It’s hard for many young people to imagine life without their smartphones, apps, and internet service. But before the mid-20th century, people did just fine without all the excess technology. If you wanted to communicate with loved ones or friends, you called or visited them in person in decades past. Handwritten letters were also popular and even taught as part of proper etiquette. For the kids who were bored back then, they used their creativity to entertain themselves. They played board games, went for long walks, played at the park, or read good books. Here is more information on a time when we didn’t have the Internet and why that was a good thing.

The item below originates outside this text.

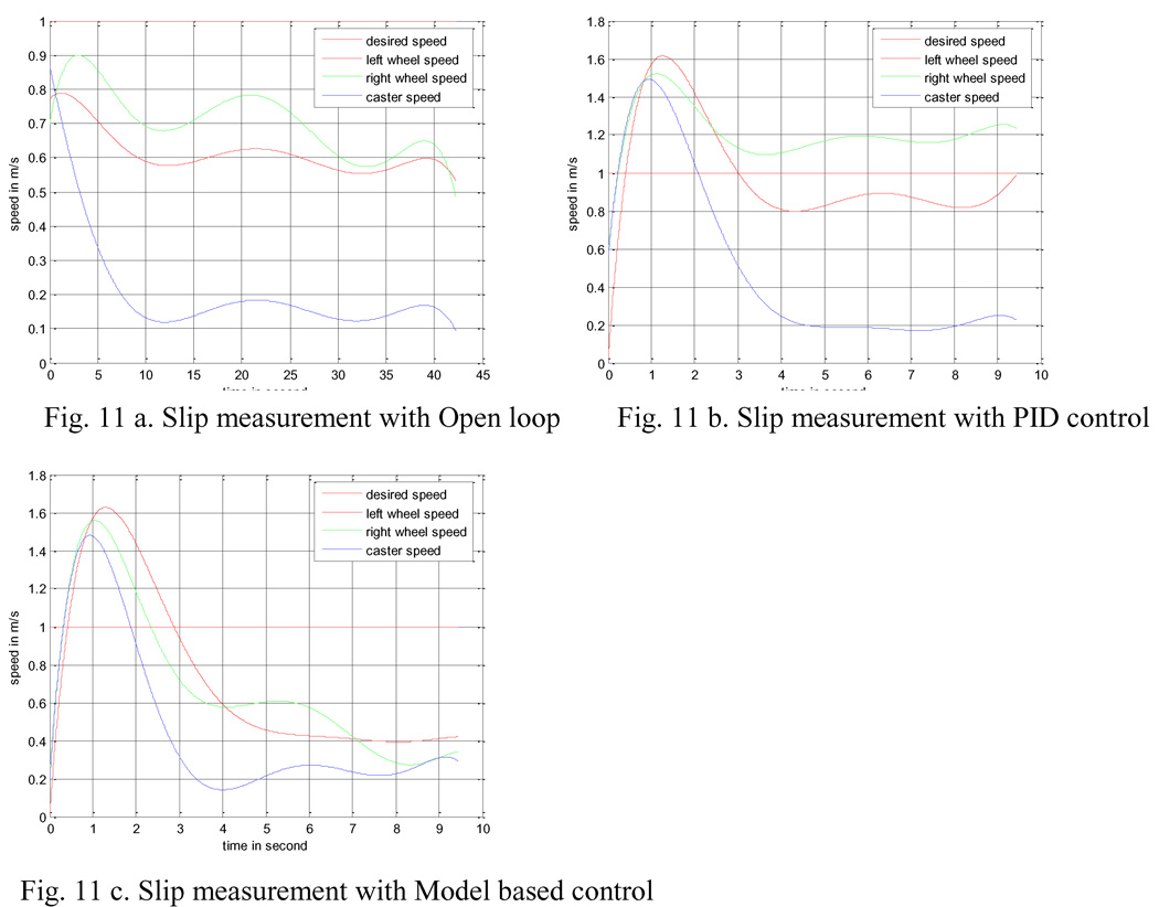 The purpose of this study was to evaluate the effects of three different control methods on driving speed variation and wheel slip of an electric-powered wheelchair (EPW). A kinematic model as well as 3D dynamic model was developed to control the velocity and traction of the wheelchair. A smart wheelchair platform was designed and built with a computerized controller and encoders to record wheel speeds and to detect the slip. A model based, a proportional-integral-derivative (PID) and an open-loop controller were applied with the EPW driving on four different surfaces at three specified speeds. The speed errors, variation, rise time, settling time and slip coefficient were calculated and compared for a speed step-response input. Experimental results showed that model based control performed best on all surfaces across the speeds.

We Used Maps, Phonebooks, and Help From Others to Get Around
It is a little sad that today’s youth may not know how to understand maps, atlases, and phonebooks. But in decades past, this is how people learned how to find places that they were unfamiliar with. Or they may have pulled over at a gas station to ask others how to locate certain places if they got lost. Also in decades past, you had to write addresses, names, and phone numbers in a small book that you kept on hand. This enabled you to use your common sense more and it taught you to follow directions carefully.
Libraries Were The Main Sources of Research
Before you could find out anything on the Internet, there was a time when you had to visit the library to obtain the information you needed. You read encyclopedias, non-fiction books, old newspaper articles, journals, and magazines to gather research. It took more effort to find out facts in those days.

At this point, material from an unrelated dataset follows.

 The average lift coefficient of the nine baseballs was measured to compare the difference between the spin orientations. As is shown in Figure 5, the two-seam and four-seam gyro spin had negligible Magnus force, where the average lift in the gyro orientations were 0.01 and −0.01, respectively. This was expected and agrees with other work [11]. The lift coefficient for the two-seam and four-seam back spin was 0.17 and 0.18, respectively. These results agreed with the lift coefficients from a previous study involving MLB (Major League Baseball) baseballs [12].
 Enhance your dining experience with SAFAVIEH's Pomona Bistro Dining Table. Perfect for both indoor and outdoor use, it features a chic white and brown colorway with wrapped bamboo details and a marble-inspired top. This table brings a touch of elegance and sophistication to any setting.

You Learned About The Latest Music From Radio
A long time ago, the only way you learned about the latest happenings in music was by listening to the radio. If you wanted free tickets to a concert, you would have to be the first or second caller to obtain them. When you listened to the radio, you heard fun interviews from your favorite artists and you could even record those interviews with blank cassette tapes.
Relationships Were More Meaningful
Nowadays, you can press some buttons and establish so-called relationships due to social media and online dating sites. But decades ago, people created relationships in more meaningful ways. Maybe you went to church with your neighbors and through real face-to-face interaction, all of you became friends. As a child, you learned proper conflict resolution strategies such as apologizing, extending forgiveness, not putting the other person down during disagreements, and working issues out calmly. Manners went a long way back then, and people exhibited more respect and empathy for each other.

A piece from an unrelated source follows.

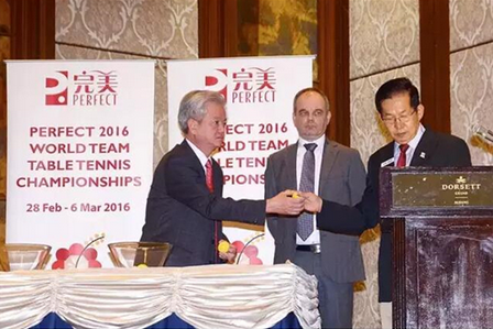 直销行业网讯 1月16日,2016年吉隆坡乒乓球团体世锦赛抽签仪式在马来西亚举行,完美公司董事长古润金作为马来西亚乒乓总会会长出席仪式,并为世乒赛进行抽签。

Basic Life Skills Were Commonplace
Before the digital era, everyone possessed important basic life skills. These skills included sewing, how to prepare nutritious meals from scratch, knowing how to make minor home repairs, growing veggies, and fruits, knowing how to repair minor car problems, and how to manage money without relying on apps and finance blogs. Now there is a concern that future generations may not have those same skills or at least with the same capabilities as their grandparents from generations ago.
In conclusion, life was simpler in the days before the Internet and gadgets arrived on the scene. What would happen if we learned a few lessons from the past and incorporate them into our modern world? Maybe we might be happier, more self-sufficient, and even better spouses, friends, parents, and employees.